▶ _What you should do_
Print out the data exactly, keeping every image out of it.

▶ _Dataset excerpt_
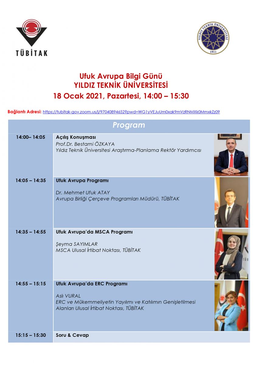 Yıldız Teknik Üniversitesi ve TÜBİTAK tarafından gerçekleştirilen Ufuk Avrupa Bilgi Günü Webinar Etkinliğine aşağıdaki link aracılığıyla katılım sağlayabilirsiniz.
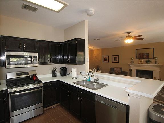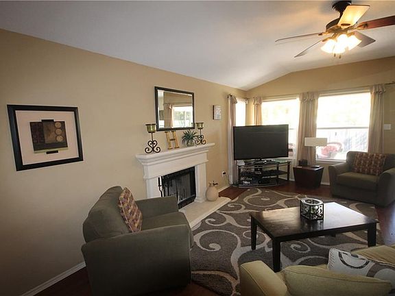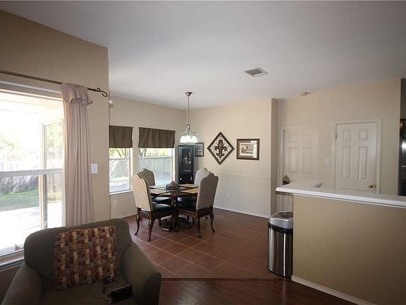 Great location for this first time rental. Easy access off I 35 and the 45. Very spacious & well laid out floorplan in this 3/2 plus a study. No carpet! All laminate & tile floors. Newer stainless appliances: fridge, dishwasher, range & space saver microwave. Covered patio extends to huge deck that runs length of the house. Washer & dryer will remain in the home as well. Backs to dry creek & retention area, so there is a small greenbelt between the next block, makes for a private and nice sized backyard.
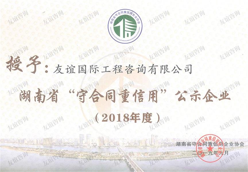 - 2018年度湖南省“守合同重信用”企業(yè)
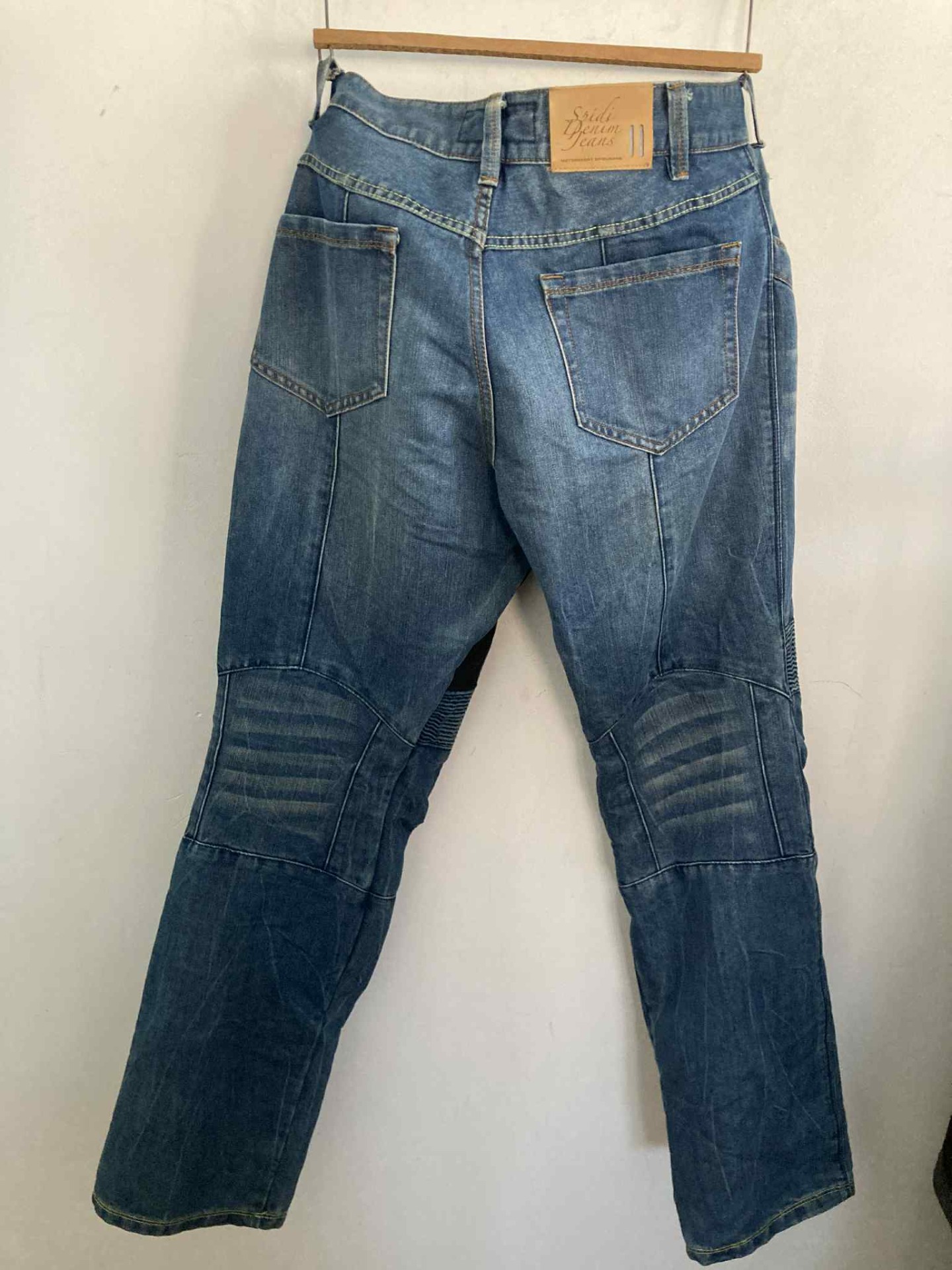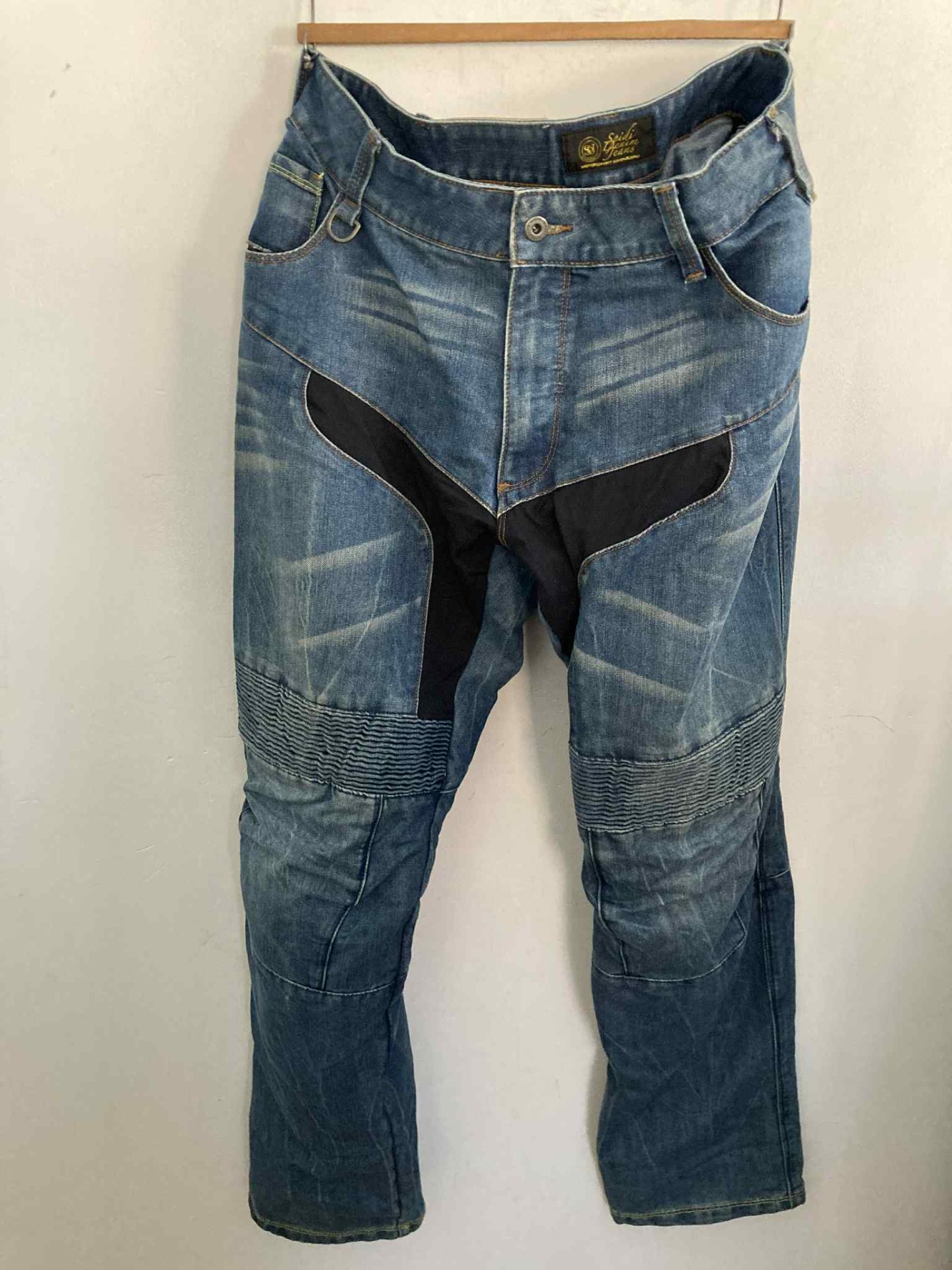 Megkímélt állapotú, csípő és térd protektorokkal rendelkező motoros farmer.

▶ _Solution to this exercise_
 Yıldız Teknik Üniversitesi ve TÜBİTAK tarafından gerçekleştirilen Ufuk Avrupa Bilgi Günü Webinar Etkinliğine aşağıdaki link aracılığıyla katılım sağlayabilirsiniz.
 Great location for this first time rental. Easy access off I 35 and the 45. Very spacious & well laid out floorplan in this 3/2 plus a study. No carpet! All laminate & tile floors. Newer stainless appliances: fridge, dishwasher, range & space saver microwave. Covered patio extends to huge deck that runs length of the house. Washer & dryer will remain in the home as well. Backs to dry creek & retention area, so there is a small greenbelt between the next block, makes for a private and nice sized backyard.
 - 2018年度湖南省“守合同重信用”企業(yè)
 Megkímélt állapotú, csípő és térd protektorokkal rendelkező motoros farmer.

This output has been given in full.